Using ${\mathbf{E}}_{\mathbf{gs}}\mathbf{=}\mathbf{-}\mathbf{79}\mathbf{.}\mathbf{0}\mathbf{\hspace{0.33em}}\mathbf{eV}$ for the ground state energy of helium, calculate the ionization energy (the energy required to remove just one electron). Hint: First calculate the ground state energy of the helium ion, ${\mathbf{He}}^{\mathbf{+}}$, with a single electron orbiting the nucleus; then subtract the two energies.

A harmonic oscillator is a system that experiences a restoring forceFproportionate to the displacement xwhen it is moved from its equilibrium position, where k is a positive constant.

Subtract Helium's ground state energy from its first excited state yields the first ionization energy (energy necessary to remove one electron).
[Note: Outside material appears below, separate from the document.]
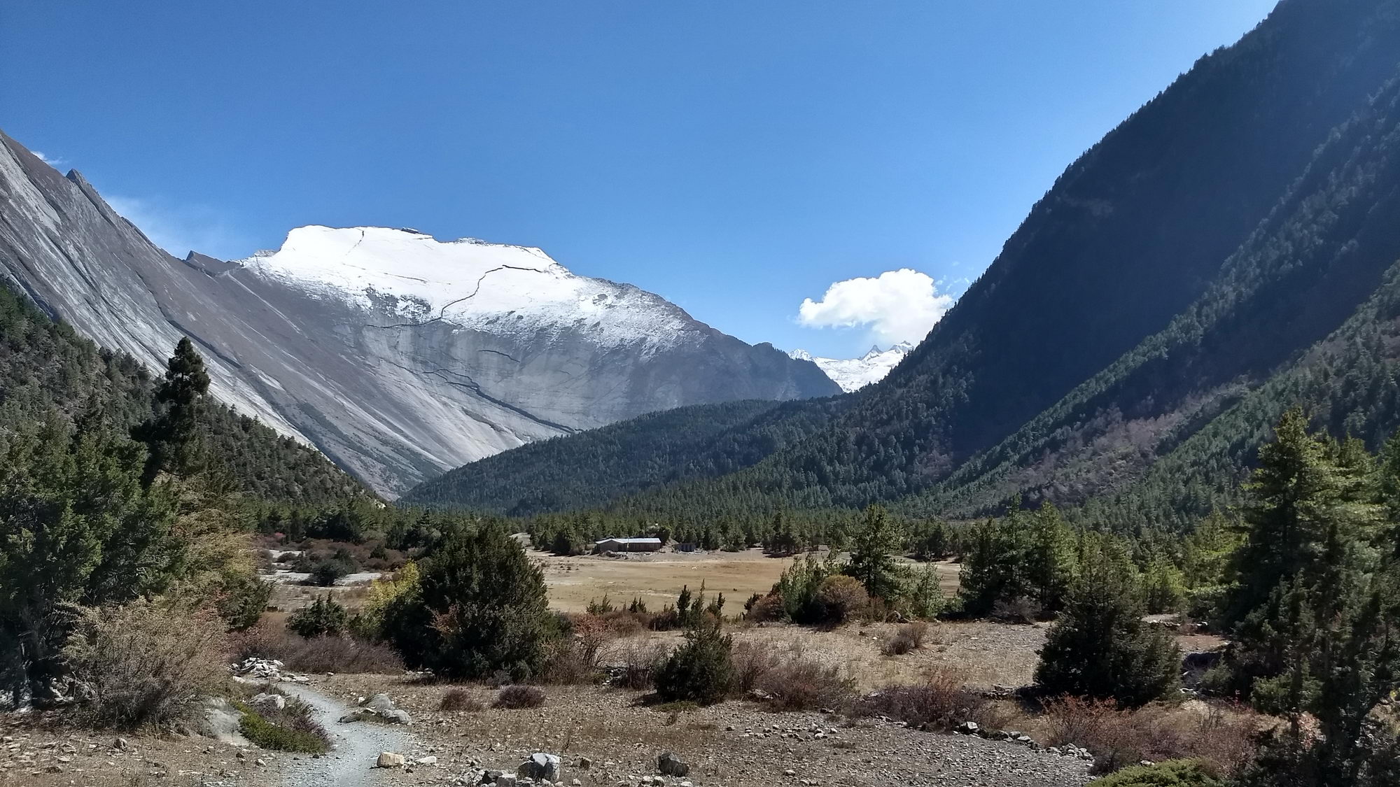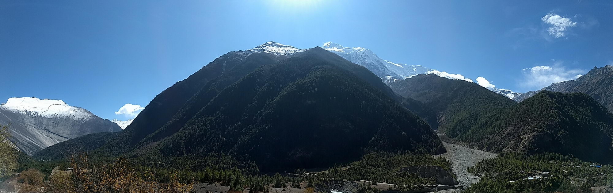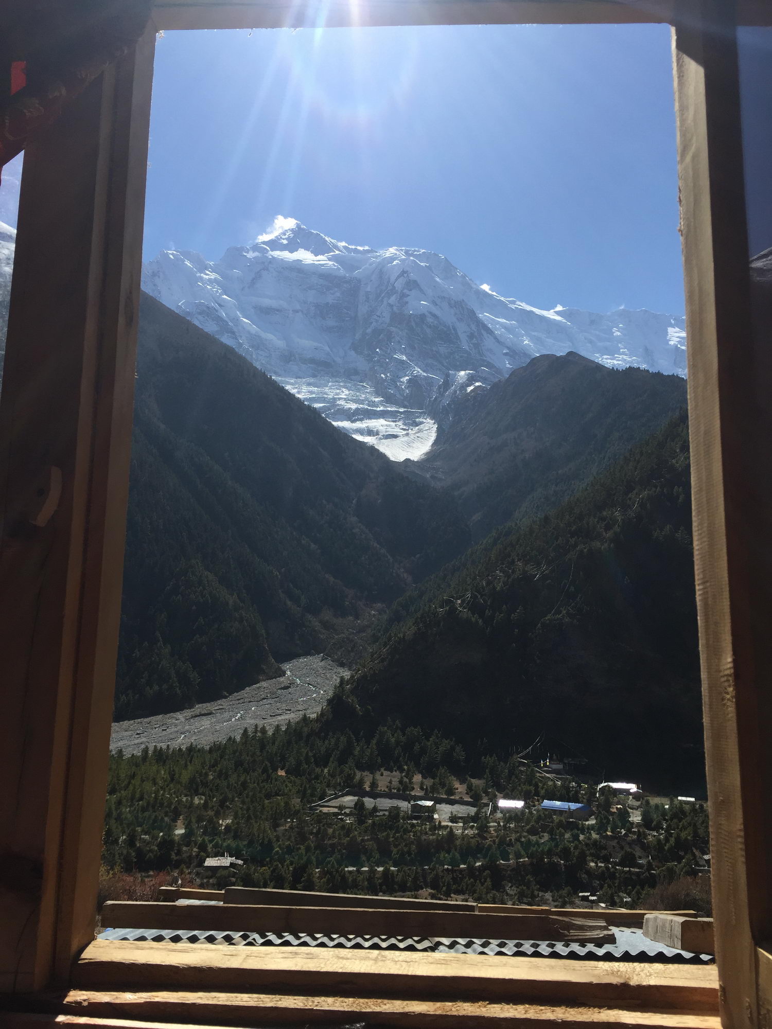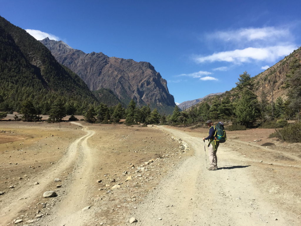 Bij het uitwandelen van het dorp kan je ofwel de weg naar Lower Pisang nemen ofwel de alternatieve trail naar Upper Pisang. Als je kan kiezen voor een alternatieve trail, moet je deze zeker overwegen, want deze gaat langs mooie paden en vermijdt de weg. We wandelden via een dorre hoogvlakte en korte klim naar Upper Pisang, het traditionele gedeelte van het dorp met machtige vergezichten. We kiezen voor de zonovergoten Royal Himalayan Lodge, een recente accommodatie met aparte houten huisjes met het fabuleuze zicht op de Annapurna 2. We komen hier rond 13 uur aan, dus tijd genoeg om te relaxen en te genieten van het zonnetje in een schitterende omgeving. Wat wil een mens nog meer?

The energy of the Helium ion's${\mathrm{He}}^{+}$ground state is equal to the energy of the first excited state.

So, calculate the ground state energy of${\mathrm{He}}^{+}$as:

${\mathrm{He}}^{+}$ is a Hydrogen like atom. It contains just one electron but two protons in its nucleus, which indicates it has only one electron.

Hydrogen atom energy,

${\mathrm{E}}_{\mathrm{H}}=-13.6\hspace{0.33em}\mathrm{eV}\frac{{\mathrm{Z}}^2}{{\mathrm{n}}^2}$

ForHydrogen ground state n = 1 , and Z = 1.

For helium, Z = 2, then the expression will be :

$$\begin{gathered} {\mathrm{E}}_{\mathrm{He}}=-13.6\hspace{0.33em}\mathrm{eV}\left(\frac{2^2}{1^2}\right) \\ {\mathrm{E}}_{\mathrm{He}}=-54.4\hspace{0.33em}\mathrm{eV} \end{gathered}$$

Ground state energy for helium is:

$E_{gs}=-79.0\hspace{0.33em}eV$

Subtracting$E_{He}$ and$E_{gs}$ ground state energy as:

$$\begin{gathered} {\mathrm{E}}_{\mathrm{join}}=\left(-54\mathrm{eV}\right)-\left(-79\mathrm{eV}\right) \\ =24.6\mathrm{eV} \end{gathered}$$

Thus, the first ionization energy is $24.6\hspace{0.33em}\mathrm{eV}$.